(Records contained in a dataset)
[Start of section]

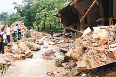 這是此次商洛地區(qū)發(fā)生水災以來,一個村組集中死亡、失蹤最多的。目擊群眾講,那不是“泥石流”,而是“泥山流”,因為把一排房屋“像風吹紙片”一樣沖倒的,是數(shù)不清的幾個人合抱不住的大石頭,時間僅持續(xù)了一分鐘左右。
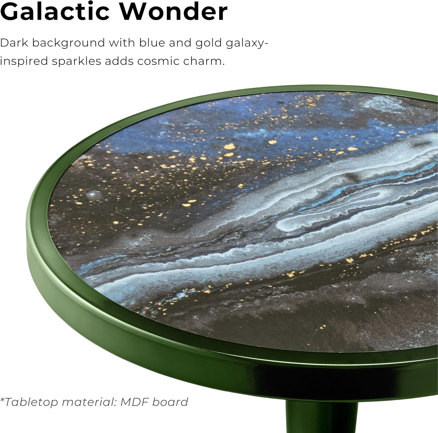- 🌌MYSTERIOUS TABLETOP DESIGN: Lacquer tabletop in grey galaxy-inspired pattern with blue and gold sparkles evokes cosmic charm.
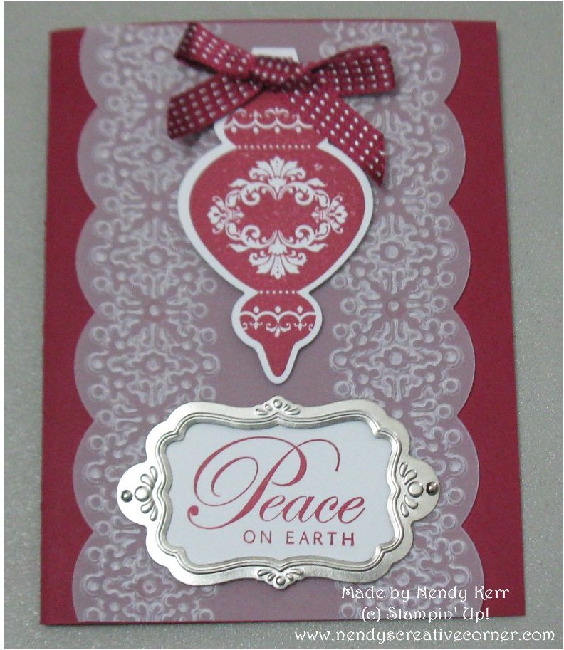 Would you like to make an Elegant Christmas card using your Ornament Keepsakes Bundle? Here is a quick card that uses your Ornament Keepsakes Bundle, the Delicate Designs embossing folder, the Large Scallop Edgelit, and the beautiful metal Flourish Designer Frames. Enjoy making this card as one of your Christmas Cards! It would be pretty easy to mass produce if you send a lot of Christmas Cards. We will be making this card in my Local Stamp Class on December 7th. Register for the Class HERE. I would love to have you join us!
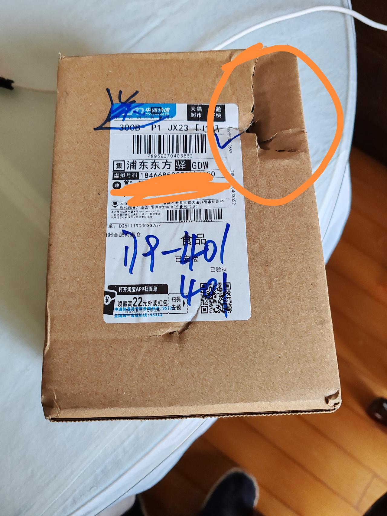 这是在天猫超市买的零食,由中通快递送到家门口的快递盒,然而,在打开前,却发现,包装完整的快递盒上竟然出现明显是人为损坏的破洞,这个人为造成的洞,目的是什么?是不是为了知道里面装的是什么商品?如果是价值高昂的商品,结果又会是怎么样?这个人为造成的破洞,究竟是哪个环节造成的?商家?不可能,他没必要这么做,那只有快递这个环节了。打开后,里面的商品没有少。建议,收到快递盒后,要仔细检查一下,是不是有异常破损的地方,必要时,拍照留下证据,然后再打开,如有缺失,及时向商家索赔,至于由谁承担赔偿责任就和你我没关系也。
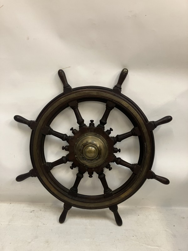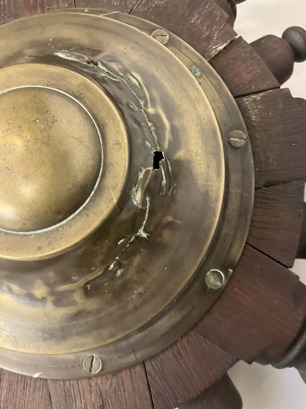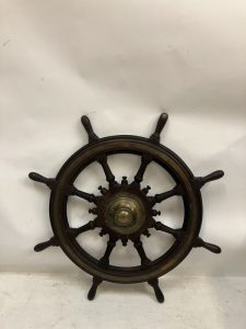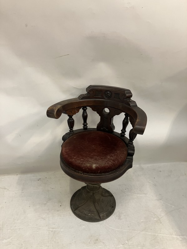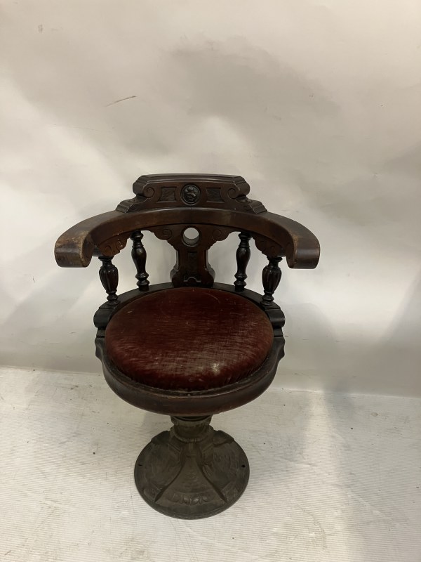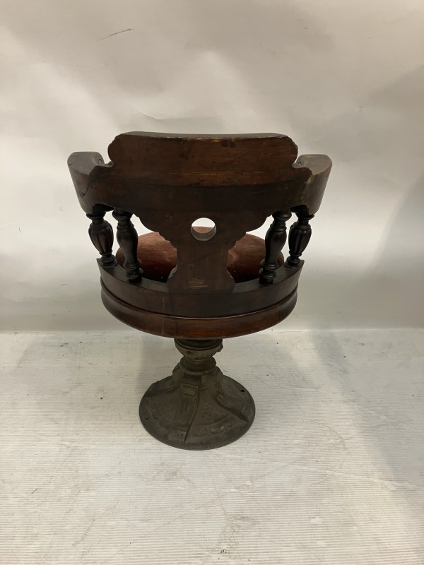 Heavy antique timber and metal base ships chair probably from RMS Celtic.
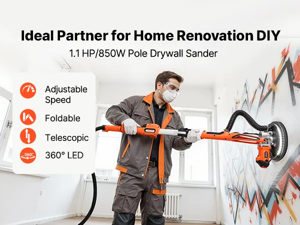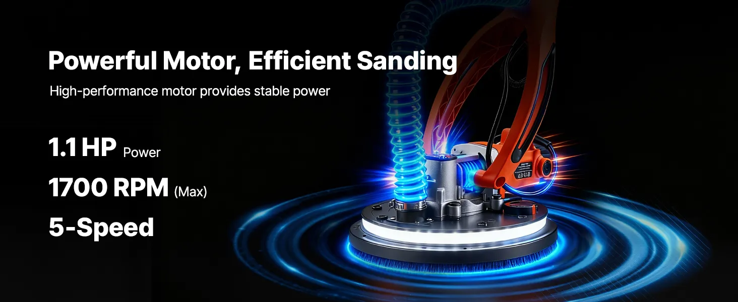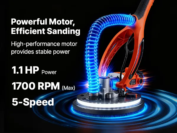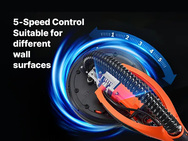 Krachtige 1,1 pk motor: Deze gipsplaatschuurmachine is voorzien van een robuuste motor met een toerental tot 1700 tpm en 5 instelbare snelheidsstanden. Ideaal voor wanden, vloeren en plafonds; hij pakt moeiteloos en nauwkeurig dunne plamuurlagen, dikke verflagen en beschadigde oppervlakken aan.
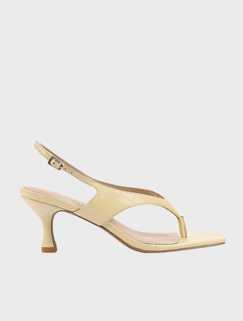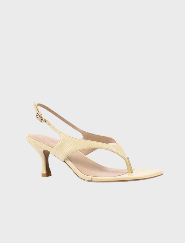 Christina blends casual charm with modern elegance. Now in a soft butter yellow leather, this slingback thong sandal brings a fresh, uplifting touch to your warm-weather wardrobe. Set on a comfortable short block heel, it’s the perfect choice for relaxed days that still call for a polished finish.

[End of section]

WORK INSTRUCTIONS.
For the entries above, the output must hold exactly the lines from the one with "Heavy antique timber" through the last line, both included, and no pictures.

ANSWER BOX.
 Heavy antique timber and metal base ships chair probably from RMS Celtic.
 Krachtige 1,1 pk motor: Deze gipsplaatschuurmachine is voorzien van een robuuste motor met een toerental tot 1700 tpm en 5 instelbare snelheidsstanden. Ideaal voor wanden, vloeren en plafonds; hij pakt moeiteloos en nauwkeurig dunne plamuurlagen, dikke verflagen en beschadigde oppervlakken aan.
 Christina blends casual charm with modern elegance. Now in a soft butter yellow leather, this slingback thong sandal brings a fresh, uplifting touch to your warm-weather wardrobe. Set on a comfortable short block heel, it’s the perfect choice for relaxed days that still call for a polished finish.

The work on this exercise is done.